The Edinburgh Skating Club
Overview
A witty, time-split tale of art, identity, and who gets admitted to the club. In eighteenth-century Edinburgh, poet Alison Cockburn accepts a daring challenge: to pass as a man and infiltrate the all-male Edinburgh Skating Club. In the present, art historian Claire Sharp is tasked with untangling the provenance of an iconic skating portrait. As both threads tighten, the novel asks how reputations are made—on canvas, on ice, and in the whispering rooms of a city in full intellectual bloom.
Writing & Atmosphere
Sloan keeps the pace lively without skimping on texture: closes slick with frost, salons bright with debate, and lochs cold enough to bite. The Enlightenment setting is handled with a light, confident touch—ideas in the air, gossip underfoot—while the contemporary strand offers clean, satisfying investigative rhythm. It’s playful, polished, and genuinely evocative of place.
Characters
Alison is terrific company—sharp, audacious, and painfully aware of the limits placed on her talent. Her alter-ego is drawn with humour and pathos, and the coterie around her (philosophes, friends, sceptics) feel distinct. Claire’s modern voice grounds the art-history mystery with method and care, and the supporting cast avoid caricature, even when they’re delightfully ridiculous.
Themes
Gatekeeping, performance, and authorship run throughout. The novel probes how gender expectations and social clubs police access to pleasure and prestige, and how artworks accrue power as stories calcify around them. It’s also a love letter to Edinburgh—its sharp tongues, quick minds, and frozen lochs.
What Worked
- Fresh premise: disguise-and-infiltration meets art-world sleuthing.

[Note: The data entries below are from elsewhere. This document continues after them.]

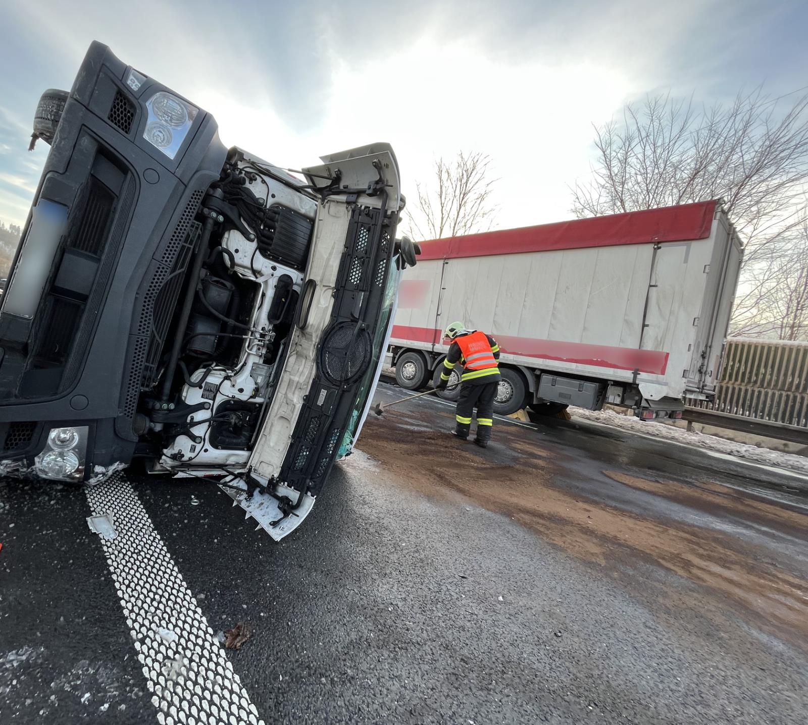 Minutu po 14. hodině uzavřela havárie dvou nákladních automobilů, z nichž jeden přepravoval na vleku třetí nákladní automobil, silnici I/11, na úrovni obce Mosty u Jablunkova, na několik hodin. U nehody byla zraněna jedna osoba. Hasiči museli jímat velké množství uniklých pohonných hmot.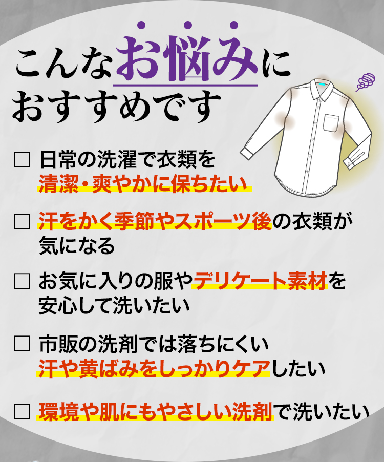 ・市販の洗剤では落ちにくい汗や黄ばみをしっかりケアしたい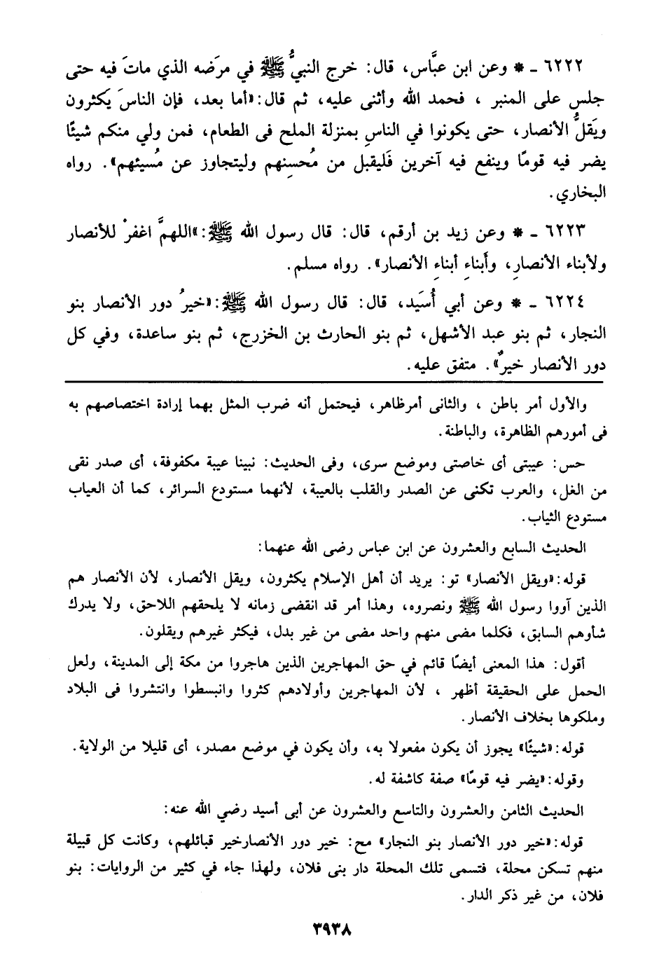 6222 - وعن ابن عباس، قال: خرج النبي صلى الله عليه وسلم في مرضه الذي مات فيه حتى جلس على المنبر، فحمد الله وأثنى عليه، ثم قال: ((أما بعد، فإن الناس يكثرون ويقل الأنصار، حتى يكونوا في الناس بمنزلة الملح في الطعام، فمن ولي منكم شيئاً يضر فيه قوماً وينفع فيه آخرين فليقبل من محسنهم وليتجاوز عن مسيئهم)). رواه البخاري.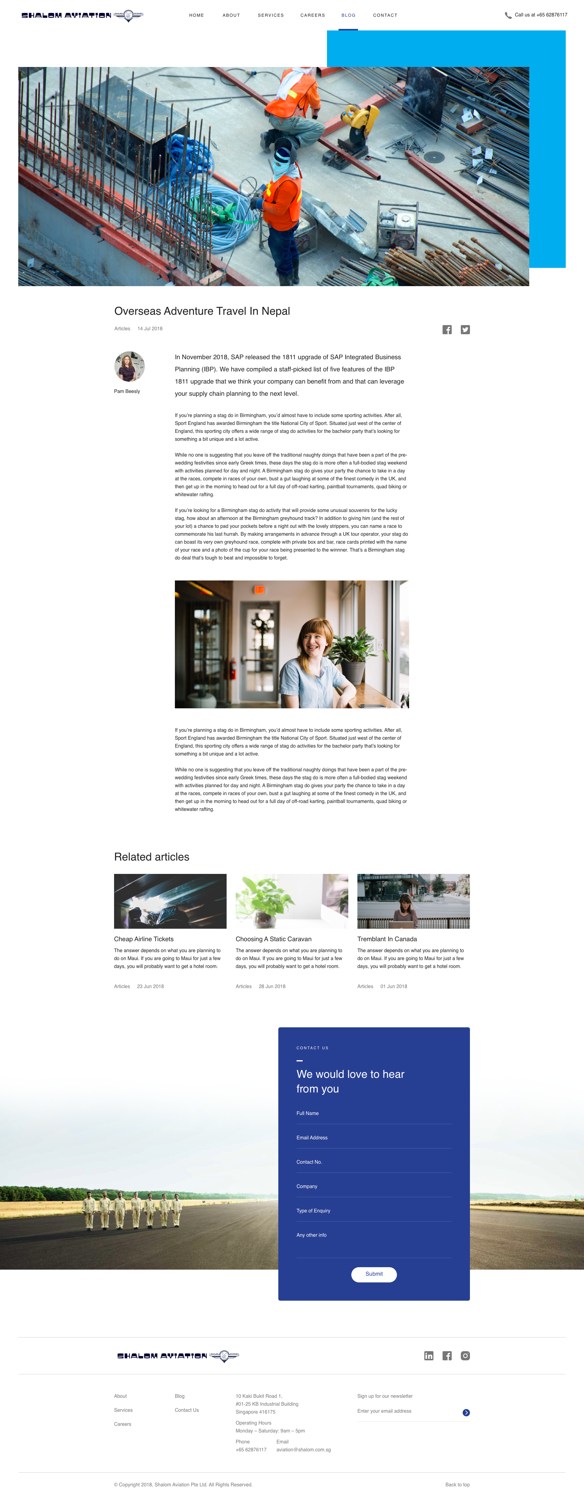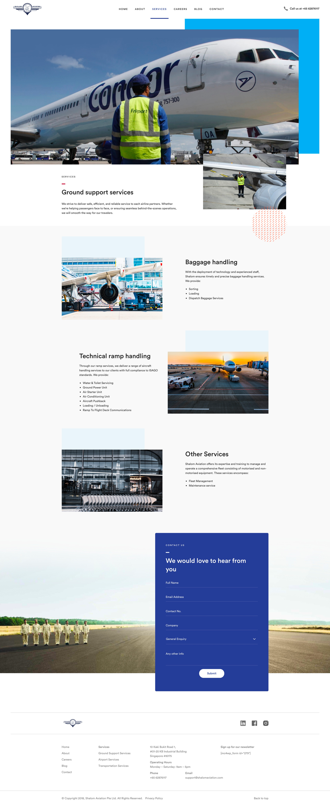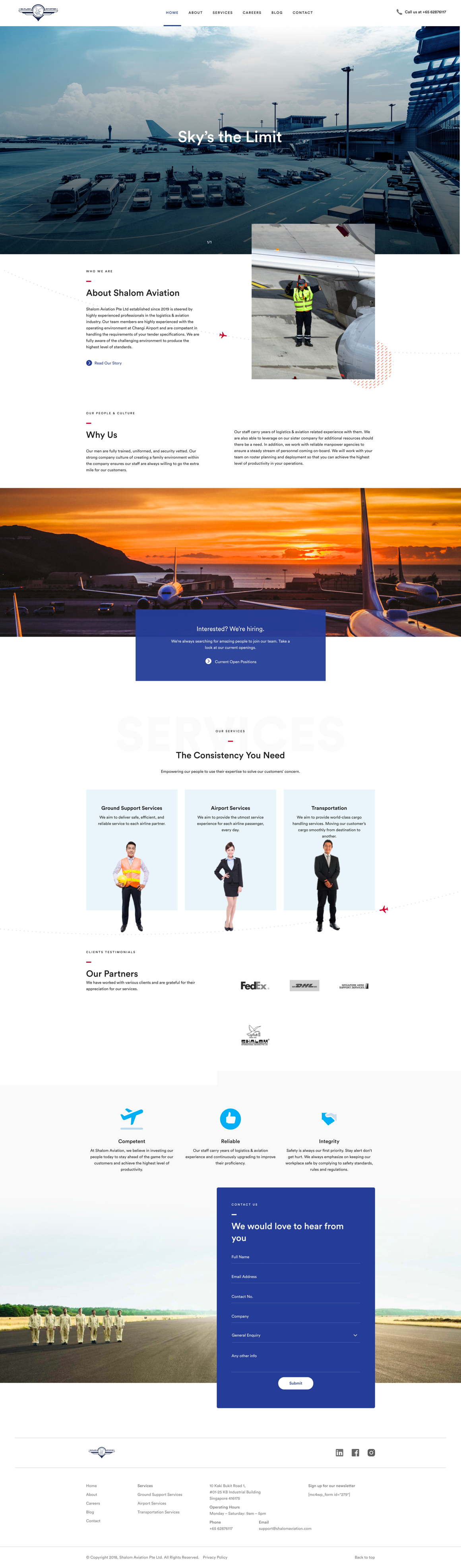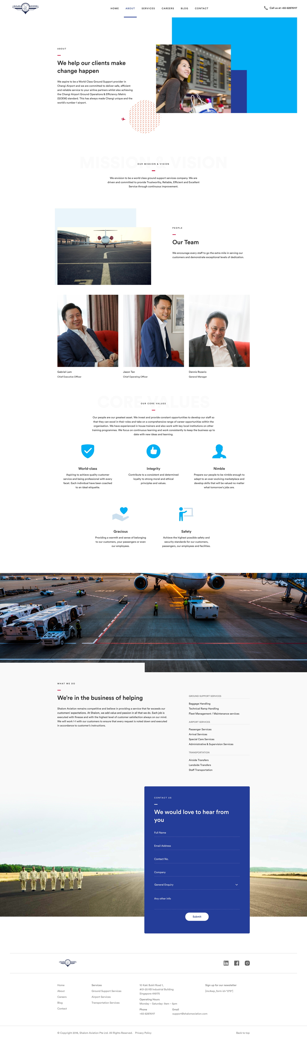 Shalom Aviation provides a range of world class ground support services at Singapore Changi Airport. The website adopts a modern, clean aesthetic with various shades of blue to communicate competency, reliability and safety to its B2B customers.

- Sense of place: Enlightenment Edinburgh and modern cityscapes both sparkle.
- Smart structure: alternating timelines that inform each other cleanly.
Minor Quibbles
- A few reveals in the present-day plot arrive a touch tidily after the lively build-up.
- Readers craving dense period detail may find the tone intentionally brisk and accessible.
Final Thoughts
Charming, clever, and full of icy sparkle, The Edinburgh Skating Club twines gender play with art-history intrigue to delightful effect—an Edinburgh caper with brains and heart.